From the outset, these platforms collected data from their user base to implement improvements—and as the user base grew, they generated even more data that the operators used to improve their predictive algorithms to offer better service. This feedback mechanism supported exponential growth. Uber, founded in 2009, is now in more than 500 cities and delivered its two billionth ride in the summer of 2016.62 Lyft reportedly hit almost 14 million monthly rides in July 2016.63 In China, ride-sharing giant Didi Chuxing now matches more than ten million rides daily.64 Today mobility services account for only about 4 percent of total miles traveled by passenger vehicles globally. Based on their growth momentum, this share could rise to more than 15 to 20 percent by 2030. This includes only real-time matching platforms and excludes the potential effects of autonomous vehicles.65
The changes taking place in urban transportation—including a substantial hit to the taxi industry—may be only the first stage of an even bigger wave of disruption caused by mobility services. These services are beginning to change the calculus of car ownership, particularly for urban residents. Exhibit 7 indicates that almost one-third of new car buyers living in urban areas in the United States (the segment who travel less than 3,500 miles per year) would come out ahead in their annual transportation costs by forgoing their purchase and relying instead on ride-sharing services. For them, the cost of purchasing, maintaining, and fueling a vehicle is greater than the cost of spending on ride-sharing services as needed.

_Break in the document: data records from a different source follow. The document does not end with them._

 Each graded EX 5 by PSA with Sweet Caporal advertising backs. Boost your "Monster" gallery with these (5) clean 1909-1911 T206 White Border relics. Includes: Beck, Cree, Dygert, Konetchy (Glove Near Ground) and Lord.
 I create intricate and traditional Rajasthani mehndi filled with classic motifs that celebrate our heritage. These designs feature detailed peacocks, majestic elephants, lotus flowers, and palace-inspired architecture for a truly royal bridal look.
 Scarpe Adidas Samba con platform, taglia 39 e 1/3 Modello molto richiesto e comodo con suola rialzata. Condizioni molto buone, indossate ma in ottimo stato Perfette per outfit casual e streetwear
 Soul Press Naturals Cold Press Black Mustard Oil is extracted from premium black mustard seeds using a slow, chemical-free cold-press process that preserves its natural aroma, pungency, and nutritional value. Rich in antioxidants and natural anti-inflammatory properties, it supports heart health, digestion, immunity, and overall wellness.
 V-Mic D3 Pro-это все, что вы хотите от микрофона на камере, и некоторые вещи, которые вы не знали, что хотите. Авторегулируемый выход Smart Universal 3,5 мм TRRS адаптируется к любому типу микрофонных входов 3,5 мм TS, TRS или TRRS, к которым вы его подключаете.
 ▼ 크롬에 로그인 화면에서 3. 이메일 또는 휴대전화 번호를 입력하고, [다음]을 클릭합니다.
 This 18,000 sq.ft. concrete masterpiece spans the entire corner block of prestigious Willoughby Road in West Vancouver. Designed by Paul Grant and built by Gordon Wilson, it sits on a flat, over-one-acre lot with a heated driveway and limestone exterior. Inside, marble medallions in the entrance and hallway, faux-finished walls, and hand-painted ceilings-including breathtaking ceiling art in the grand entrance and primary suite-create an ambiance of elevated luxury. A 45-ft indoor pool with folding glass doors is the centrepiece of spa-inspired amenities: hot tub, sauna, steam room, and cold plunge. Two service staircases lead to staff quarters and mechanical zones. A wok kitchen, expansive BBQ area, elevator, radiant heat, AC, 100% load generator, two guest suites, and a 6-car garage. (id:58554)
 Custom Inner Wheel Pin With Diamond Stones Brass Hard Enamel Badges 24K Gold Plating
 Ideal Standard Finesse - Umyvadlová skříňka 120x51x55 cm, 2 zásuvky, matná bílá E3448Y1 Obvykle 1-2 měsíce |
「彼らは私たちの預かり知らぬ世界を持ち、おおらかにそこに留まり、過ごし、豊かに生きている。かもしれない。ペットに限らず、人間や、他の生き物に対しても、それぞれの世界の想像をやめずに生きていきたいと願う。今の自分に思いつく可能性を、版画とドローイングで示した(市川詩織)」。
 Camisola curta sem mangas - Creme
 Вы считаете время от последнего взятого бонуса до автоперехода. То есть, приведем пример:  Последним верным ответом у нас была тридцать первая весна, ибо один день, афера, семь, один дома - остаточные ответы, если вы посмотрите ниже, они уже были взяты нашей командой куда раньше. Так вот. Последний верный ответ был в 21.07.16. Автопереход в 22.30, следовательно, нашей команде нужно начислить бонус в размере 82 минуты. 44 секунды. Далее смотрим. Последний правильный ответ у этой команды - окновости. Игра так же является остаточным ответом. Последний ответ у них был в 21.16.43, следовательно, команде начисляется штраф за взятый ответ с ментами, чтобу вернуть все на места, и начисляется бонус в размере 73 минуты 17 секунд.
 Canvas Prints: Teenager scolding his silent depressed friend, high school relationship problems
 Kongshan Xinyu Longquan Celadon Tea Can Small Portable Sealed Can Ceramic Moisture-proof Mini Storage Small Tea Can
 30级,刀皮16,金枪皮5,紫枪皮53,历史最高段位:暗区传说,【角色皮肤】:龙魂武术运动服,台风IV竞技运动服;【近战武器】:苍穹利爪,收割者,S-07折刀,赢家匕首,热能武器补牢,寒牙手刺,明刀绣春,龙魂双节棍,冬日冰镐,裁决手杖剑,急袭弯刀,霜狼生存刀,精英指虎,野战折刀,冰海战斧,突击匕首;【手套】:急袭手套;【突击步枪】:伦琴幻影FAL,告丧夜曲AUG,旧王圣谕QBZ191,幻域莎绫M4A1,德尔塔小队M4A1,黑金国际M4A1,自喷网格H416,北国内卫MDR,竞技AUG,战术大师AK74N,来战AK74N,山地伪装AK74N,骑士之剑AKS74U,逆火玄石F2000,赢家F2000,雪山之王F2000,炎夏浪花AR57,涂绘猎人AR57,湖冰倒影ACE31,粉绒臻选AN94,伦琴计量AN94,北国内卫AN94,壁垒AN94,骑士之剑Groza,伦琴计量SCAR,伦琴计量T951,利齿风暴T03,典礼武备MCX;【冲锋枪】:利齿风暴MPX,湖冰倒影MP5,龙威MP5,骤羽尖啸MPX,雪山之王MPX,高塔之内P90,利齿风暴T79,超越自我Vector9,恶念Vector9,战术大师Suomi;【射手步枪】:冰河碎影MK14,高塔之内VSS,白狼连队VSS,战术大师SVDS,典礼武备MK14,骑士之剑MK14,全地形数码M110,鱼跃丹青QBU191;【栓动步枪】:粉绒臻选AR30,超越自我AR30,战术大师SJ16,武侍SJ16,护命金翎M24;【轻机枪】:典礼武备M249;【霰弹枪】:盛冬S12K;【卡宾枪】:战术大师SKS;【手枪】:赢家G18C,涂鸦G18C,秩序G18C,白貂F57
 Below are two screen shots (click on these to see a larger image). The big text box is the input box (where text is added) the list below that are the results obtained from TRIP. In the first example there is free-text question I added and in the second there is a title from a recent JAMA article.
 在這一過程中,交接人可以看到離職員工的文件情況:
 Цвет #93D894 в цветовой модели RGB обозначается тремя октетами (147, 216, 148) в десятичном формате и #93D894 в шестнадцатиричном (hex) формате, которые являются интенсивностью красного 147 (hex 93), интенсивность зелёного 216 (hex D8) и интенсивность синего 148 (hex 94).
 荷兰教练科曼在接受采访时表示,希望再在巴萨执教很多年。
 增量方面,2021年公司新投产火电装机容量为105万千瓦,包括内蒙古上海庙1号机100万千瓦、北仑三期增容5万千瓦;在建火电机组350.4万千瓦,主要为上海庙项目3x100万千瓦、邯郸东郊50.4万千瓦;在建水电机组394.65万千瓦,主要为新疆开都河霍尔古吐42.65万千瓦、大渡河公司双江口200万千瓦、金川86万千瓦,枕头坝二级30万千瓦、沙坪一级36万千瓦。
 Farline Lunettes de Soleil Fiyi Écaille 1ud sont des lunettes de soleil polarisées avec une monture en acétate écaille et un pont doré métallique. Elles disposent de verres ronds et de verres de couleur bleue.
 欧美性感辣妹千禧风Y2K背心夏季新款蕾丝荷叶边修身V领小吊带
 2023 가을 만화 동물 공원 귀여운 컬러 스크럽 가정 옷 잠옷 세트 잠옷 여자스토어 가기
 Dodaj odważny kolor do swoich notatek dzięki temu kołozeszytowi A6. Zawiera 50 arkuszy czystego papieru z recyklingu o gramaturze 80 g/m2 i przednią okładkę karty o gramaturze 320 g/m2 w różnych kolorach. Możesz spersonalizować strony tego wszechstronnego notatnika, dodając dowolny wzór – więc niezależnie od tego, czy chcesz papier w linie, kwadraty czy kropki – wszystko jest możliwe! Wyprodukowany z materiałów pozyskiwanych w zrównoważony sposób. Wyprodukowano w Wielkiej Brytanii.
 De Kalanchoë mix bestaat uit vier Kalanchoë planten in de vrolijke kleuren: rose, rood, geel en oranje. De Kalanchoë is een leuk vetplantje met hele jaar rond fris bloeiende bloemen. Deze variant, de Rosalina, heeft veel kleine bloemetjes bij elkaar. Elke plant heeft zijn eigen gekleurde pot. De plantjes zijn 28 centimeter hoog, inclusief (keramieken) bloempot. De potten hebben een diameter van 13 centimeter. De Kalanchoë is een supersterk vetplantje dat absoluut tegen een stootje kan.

If we compare car ownership to car sharing instead of ride sharing, around 70 percent of potential car buyers could benefit from forgoing their purchase. A future breakthrough that incorporates autonomous vehicles into these services, thereby reducing their operating costs, could increase this share to 90 percent of potential car buyers in urban settings.
These trends are beginning to reshape the structure of the overall transportation industry. Value is already shifting from physical assets to data, analytics, and platforms as well as high-margin services such as matching. This is even playing out within the car-sharing market itself, as Car2Go, Zipcar, and other firms that own fleets now face newer platform- based players such as Getaround. Hyperscale platforms will likely create concentrated markets, since network effects are crucial to their success.
Economic impact and disruption
Hyperscale, real-time matching in transportation has the potential to generate tremendous economic impact. Individual consumers stand to reap savings on car purchases, fuel,
and insurance by shifting to mobility services; they could also gain from having to spend less time looking for parking. Furthermore, the public will benefit from reduced real estate dedicated to parking, improved road safety, and reduced pollution. Summing these effects and assuming a 10 to 30 percent adoption rate of mobility services among low- mileage travelers, we estimate global economic impact in the range of $845 billion to some $2.5 trillion annually by 2025 (Exhibit 8).66 However, these shifts will create winners and losers. Some of the benefits will surely go to consumer surplus, while some will go to the providers of these platforms and mobility services.